Among the genes that we identified in genomic regions putatively associated with life-history, some were found to be linked to growth rate. Given that fish length is mainly used as a threshold trait when deciding whether to migrate or to suspend migration (Dodson et al., 2013)—since it has a determining effect on age at smoltification (Jonsson & Jonsson, 2011)—the identified traits might have an effect on reaching the threshold for migration initiation (or smolting) within a season. That may then impact when smolts enter the estuary and, therefore, when they have the possibility to enter the sea, ultimately having an influence on the determination of the migratory tactic. Typically, individuals with a higher growth rate migrate at a younger age, while those with a lower growth rate delay their migration to a later season. However, Jensen et al. (2012) showed that size can also impact the timing of migration within a season: during the first half of the smoltification period, they observed an increase in individual size, followed by a decrease in size during the second part of the season.
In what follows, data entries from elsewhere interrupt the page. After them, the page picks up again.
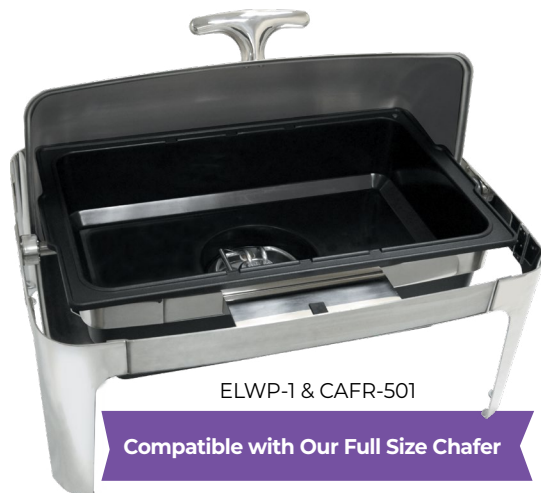
ELWP-1 & CAFR-501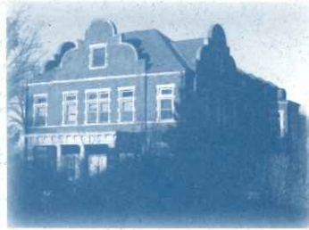
Pennhurst Center features Dutch Colonial Revival architecture

See and learn the fascinating history of a forgotten institution. In 1908, "The Eastern Pennsylvania State Institution for the Feebleminded and Epileptic," opened its doors to men, women and children from all over the state. A self-contained community of Colonial Revival style buildings and surrounding farmland, the Pennhurst Center (as it was renamed in 1923) served thousands of patients until it was closed in 1987. Today, this deteriorating complex which sits on a hill overlooking the Schuylkill River, awaits its chance for adaptive reuse in the 21st century.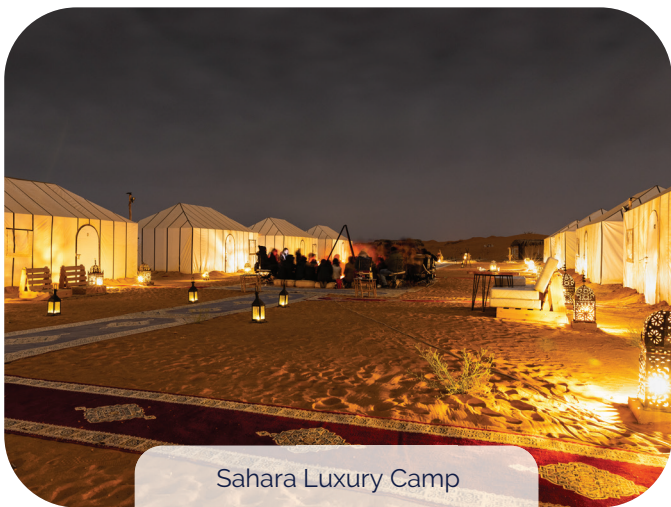
Sahara Luxury Camp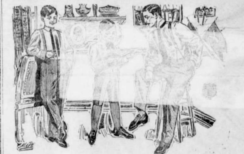
A complete line of

BRICK, LUMBER, SHINGLES, GROCERIES, GENERAL MERCHANDISE.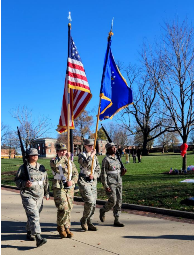
Air Force Junior ROTC Pass in Review during our Veterans Day Celebration

The mission of Fort Hayes is to create expectations of excellence within students through challenging and collaborative learning by blending the arts, academic and career programs.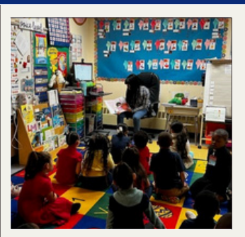
MLK Day of Service: Reading to Smalley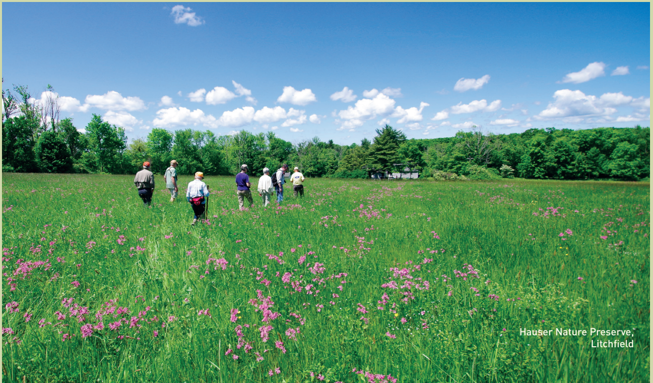
Hauser Nature Preserve, Litchfield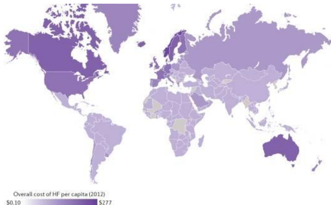
Figure 1. Costs of heart failure globally.

In a study from 2014 an estimation of 108 billion USD was spent on heart failure globally in 2012 of which 60% was direct medical costs (5). Eighty-six percent of this global expenditure was from higher income regions which only make up for 18% of the global population (Figure 1). Considering the predicted increase of hospitalizations due to heart failure we can estimate that the global expenditure will also increase over time. In Europe the estimation is an increase of cost due to cardiovascular disease from 102 billion euro in 2014 to 122 billion Euro by 2020 (6). In the USA as of 2011 estimated lifetime cost of heart failure per individual patient was 110,000 /year with more than three-fourths of this consumed by in-hospital care (7).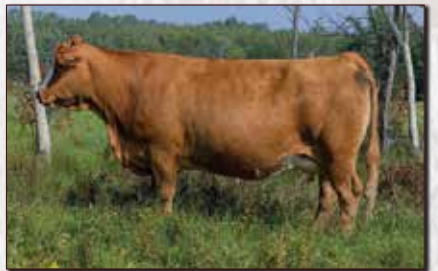
JNR MISS KNIGHT - DAM OF LOT 21

They suggest that the fish that underwent smoltification in the first half of the season had higher metabolic requirements (Rikardsen & Elliott, 2000), while the remaining fish had to wait a few weeks to complete their growth and migrate at the end of the season. Together, these findings suggest an indirect genetic control of migration in which the adopted migratory tactic is affected by an individual's physiology, which is in turn influenced by its genotype (Kelson et al., 2020). Our results are also consistent with Power's (Power, 1981) hypothesis that life-history tactic determination in Ungava Bay populations depends on when smolts are able to enter the sea. Indeed, since the time window in which temperature allows smolts to enter the sea in Ungava Bay is very short, late migrants are likely to get stuck in the estuary and have no choice but to adopt an estuarine tactic. Additional studies could investigate the potential role of water temperature, spatially variable selection, and genotype-dependent habitat choices in this system (Campbell et al., 2022; Pavey et al., 2015).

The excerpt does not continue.